The development of the pronunciation or of the vocalization and the division of words, verses, and sections kept pace with the settlement of the text. That the ancient writing had no vowel-points has already been stated; but even during this entire period to the close of the Talmud the sacred text was without vowels and other points. The old versions, particularly the Greek, and Josephus depart so widely from the Masoretic text that they could not possibly have used the present pointed text. The expedient which charges the translators with these differences is of no avail, since it is not any one version which alone shows such differences; they all differ. Origen, too, published a Hebrew text in the Hexapla which differed from the Masoretic. Jerome knew nothing about vowel-points, not even the diacritical point making the difference between "s" and "sh." The Talmud and the modern ecclesiastical or ritual manuscripts of the Jews present an unpointed text. There is no doubt that, as Elias Levita stated, the Masoretic system of punctuation is of later origin, and that during this entire period the sacred text was without points. But this does not mean that during the same period the reading of the unvoweled text was still unsettled among the Jews; it must rather be assumed that with the official fixing of the text there was developed also a certain mode of understanding and reading it. Of course time was required to bring it into vogue; but before the end of the period it was so firmly established that Jerome's pronunciation differed very little from the Masoretic, and he was so sure of its correctness that he appeals to it against the text of the versions; and the Talmud gives it throughout correctly. Before the Masoretes the pronunciation was fixed, not yet written, but handed down by word of mouth, although some scholars may have used signs in their books to assist their memory.
Closely connected and mutually dependent were pronunciation and the division of words. The latter must have been finally settled at this period. The sign of division was the small space between words. The final letters, being limited in number, can not be regarded as word-separating signs. Jerome used a text with a division of words and knew the final letters; in the Talmud, Menahot 30a states how large must be the space between the words; the synagogue scrolls, though still without vowels, have nevertheless the division by spaces, following the custom of the ancient manuscripts from Talmudic time; and the fact that a number of "readings" correct the traditional division of words speaks again in favor of the high antiquity of the division of words in the present texts.
The division into verses is by no means contemporary in origin with the vocalization, but much earlier. The verse division depends in poetry upon the paralelism, in prose upon the division of sentences and clauses. That the latter were not marked in oldest times is certain; in poetical texts the members may have been distinguished either by space or by breaks of the line.
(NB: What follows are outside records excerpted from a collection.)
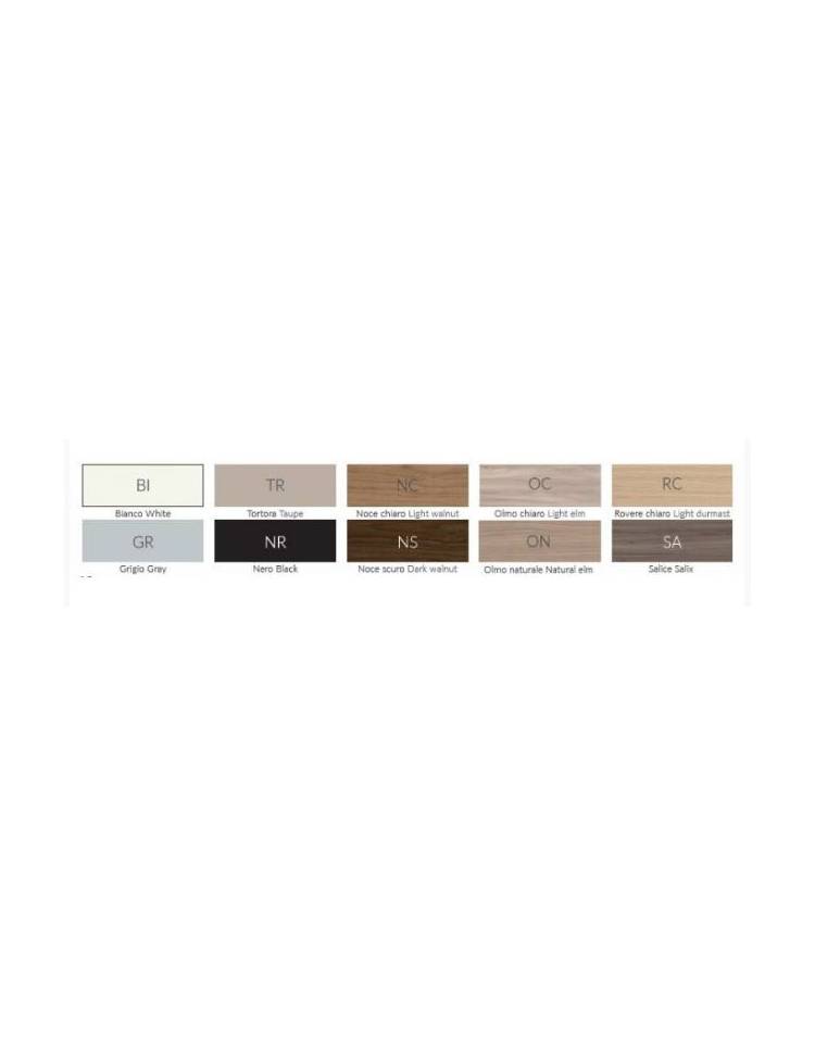 Colori piano : Bianco - Grigio - Tortora - Nero - Noce chiaro - Noce scuro - Olmo chiaro - Olmo naturale - Rovere chiaro - Salice
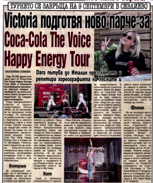 Една от любимите изпълнителки от турнето – Dara Ekimova, сподели, че се чувства заредена с енергия и вдъхновение за нови проекти след грандиозния концерт на The Weeknd в Барселона, който я е вдъхновил за предстоящите и изпълнения на сцената в турнето. Може би феновете на Coca-Cola The Voice Happy Energy Tour ще са сред първите, които да разберат какво ново предстои да издаде талантливата певица. От своя страна една от най-стилните дами на сцената на турнето, именно Михаела Маринова, зарадва всички музикални фенове с излизането на последния й хит „Само ти“. Красивата изпълнителка сподели, че певческото й развитие не почива през лятото и тя усилено работи върху вокалните си навици и умения. Тя допълни, че интензивността се засилва преди всеки концерт, но вокалната подготовка изисква постоянство, което тя следва да спазва.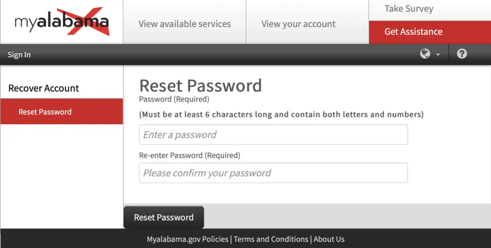 If you still cannot login to your account because you have forgotten your MyAlabama.gov Password, we can help you create a new password. For help resetting your Password, continue reading below.

This mode of writing poetical texts was formerly general, and is found in the older Hebrew manuscripts; for the poetical texts, Ex. xv; Deut. xxxii; Judges v; and II Sam. xxii, it is even prescribed (Shabbat 103b; Sopherim xii), and is therefore still customary. With the introduction of the Masoretic accents, poetry was written close, like prose. This verse-division was taught in the schools; but no rules are given for its writing, nor did any punctuation marks indicate it in this period.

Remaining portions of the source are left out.